Many early manual telephones had an attached hand-cranked magneto that produced an alternating current (AC) at 50–100 V for signaling to ring the bells of other telephones on the same (party) line, and to alert an operator at the local telephone exchange. These were most common on long rural lines served by small manual exchanges which did not use a common battery circuit. The telephone instrument obtained talking current by powering a carbon microphone with a local battery, consisting of "N° 6" zinc–carbon dry cells. By around 1900, large racks of motor–generator sets in the telephone exchange could supply this ringing current remotely instead and the local magneto was often no longer required, but their use continued into the mid-20th century.

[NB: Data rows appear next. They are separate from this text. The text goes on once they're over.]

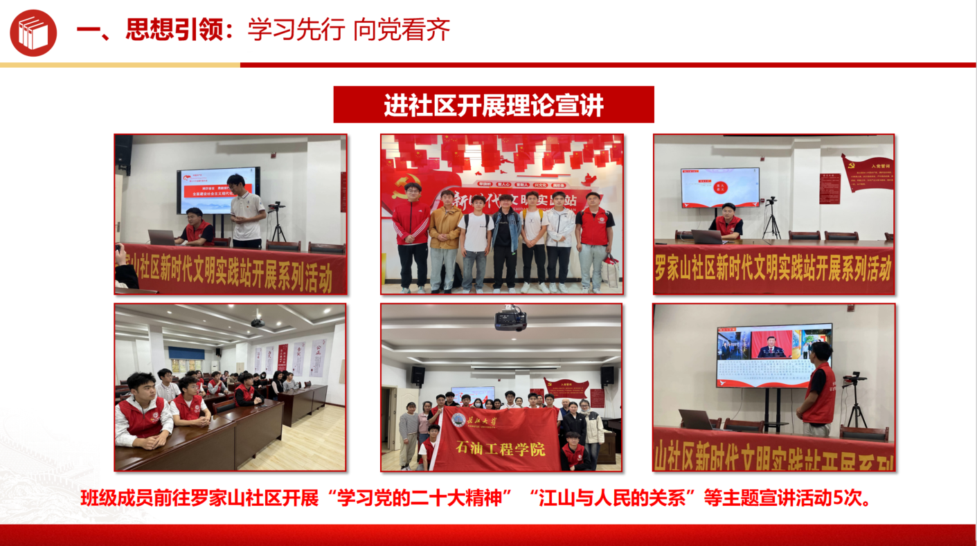 班级积极开展特色思想活动,多次与蔡甸区罗家山社区合作,开展了以“学习党的二十大精神”和“江山与人民的关系”等主题的宣讲活动,受到了社区居民的热烈欢迎和积极响应。在此过程中,班级不仅增强了社会责任感,更是荣获福利姬
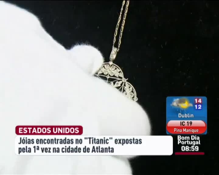 As joias encontradas no interior do paquete "Titanic" vão estar em exposição em Atlanta. É a primeira vez que vão ser mostradas ao público. A exposição inclui anéis de diamantes e safiras, pregadeiras, colares, botões de punho e um relógio de ouro. As peças foram recolhidas em 1987 durante uma expedição ao navio naufragado.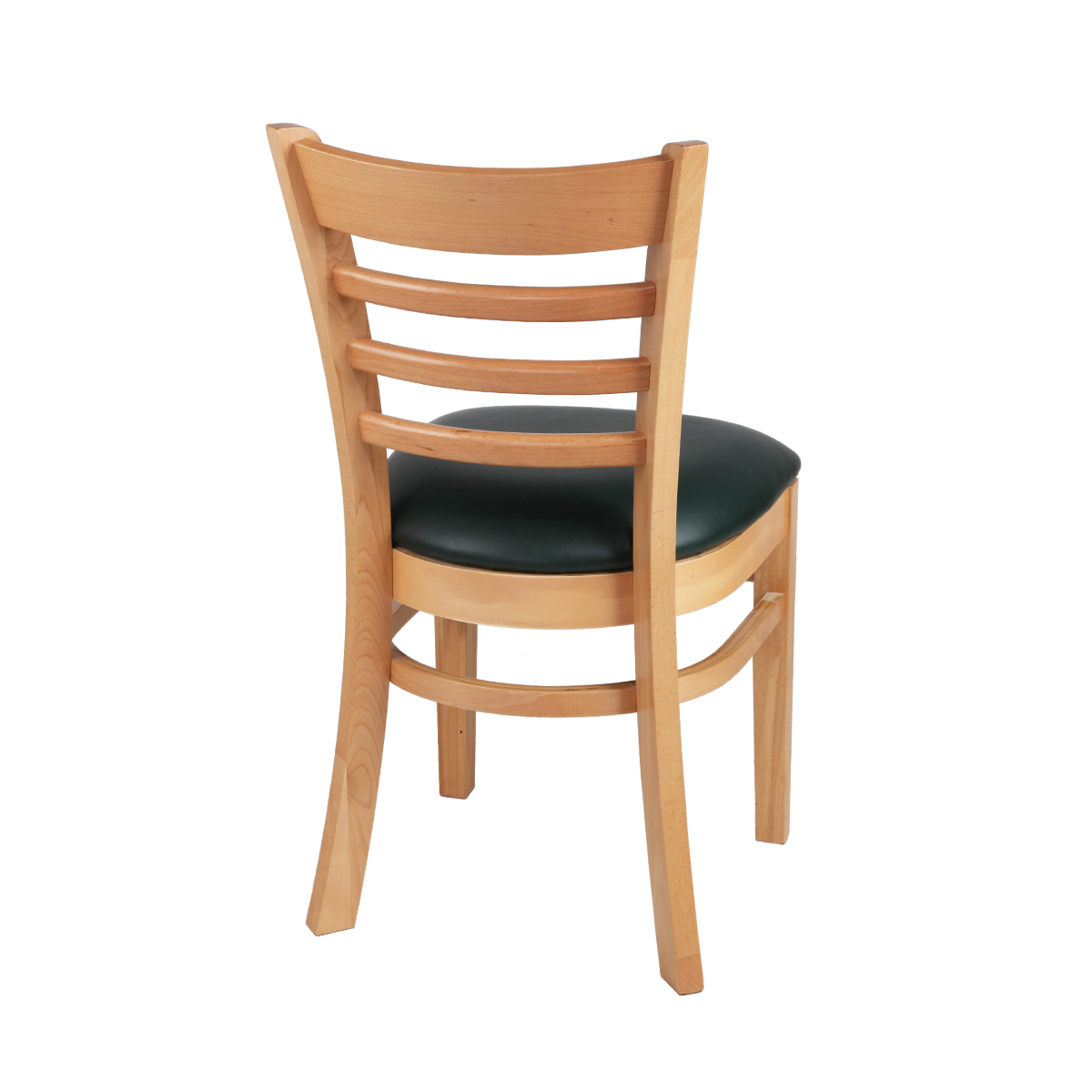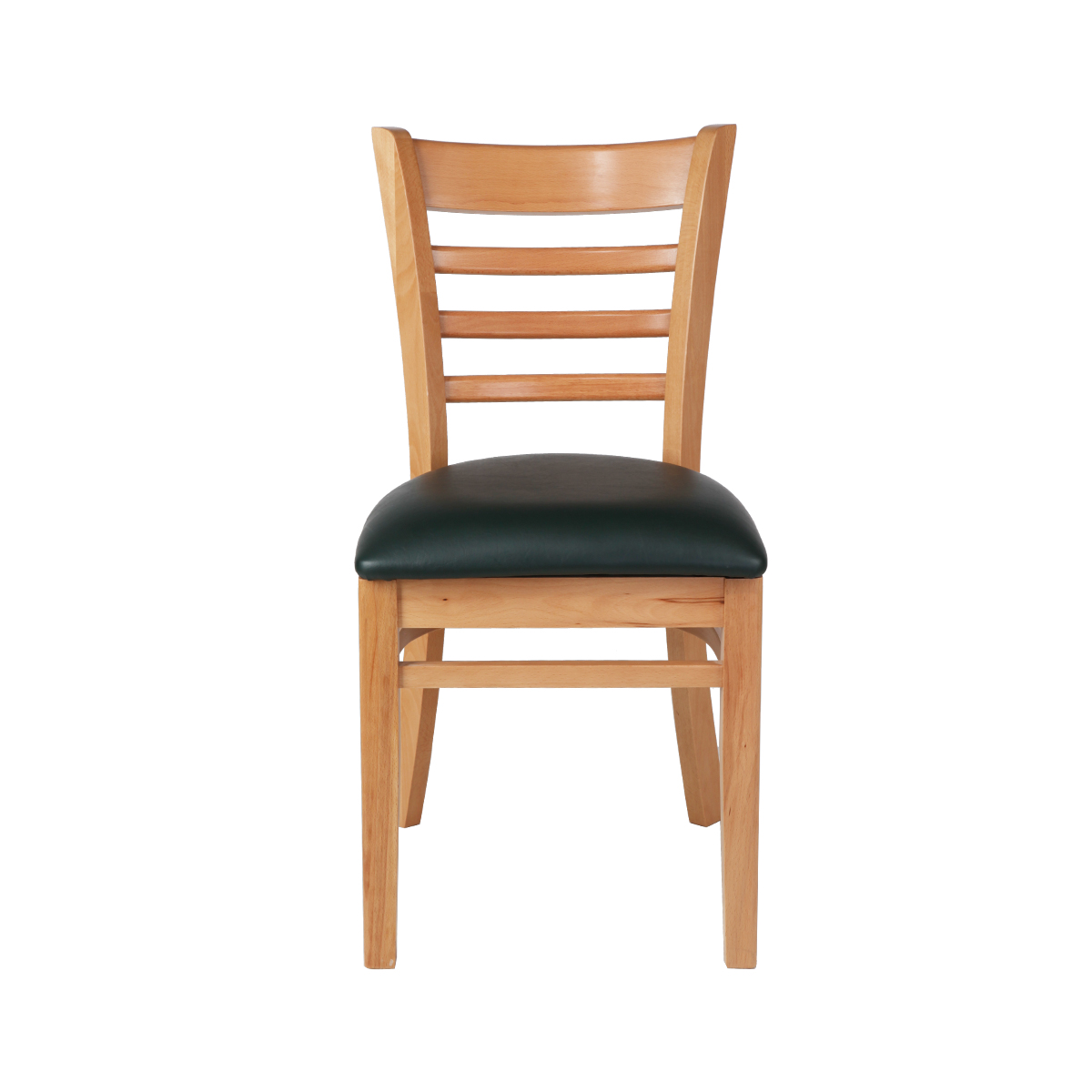 . Solid European Beech Hardwood Construction. NC painting (PU painting avaiable as per request). Vinyl cushion filled with CA117 fire-retardant foam. Ladder-style wood back. Mortise and tenon joints structure. Floor Protector Plastic Glides. Designed for Commercial Use; Suitable for Home Use. 600 lb. Weight Capacity. Available in COM

Telephone magnetos featured a large gear rotated by hand with a handle, that drove a much smaller gear on the armature rotor, providing a high gear-ratio to increase the rotational speed of the magneto armature. A mechanical switch on the output terminals engaged only when the rotor was turning, so that the magneto was normally disconnected from the telephone circuitry.

Ringing current magnetos were used in the public switched telephone network (PSTN) as late as the 1980s, when they were still used in manual private branch exchanges (PBXs), small business switchboards worked by operators. Many such systems obtained ringing power from an extra wire pair from a central office, rather than having a motor generator for such a small installation, which generated noise and required maintenance. Magnetos were used when such a facility was not available, or as a backup source when the facility failed. Unlike in the public telephone network, which has a standard ringing cadence (the repeating pattern of ringing and silence), the ringing cadence when using a magneto depended on the skill of the operator. When ringing local extensions, some switchboard operators used local codes of ringing to indicate internal, external or urgent calls.

Linesman's test sets also included a magneto, for use when ringing out to either the exchange or the subscriber, from anywhere along the line. Their use extended into the 1980s.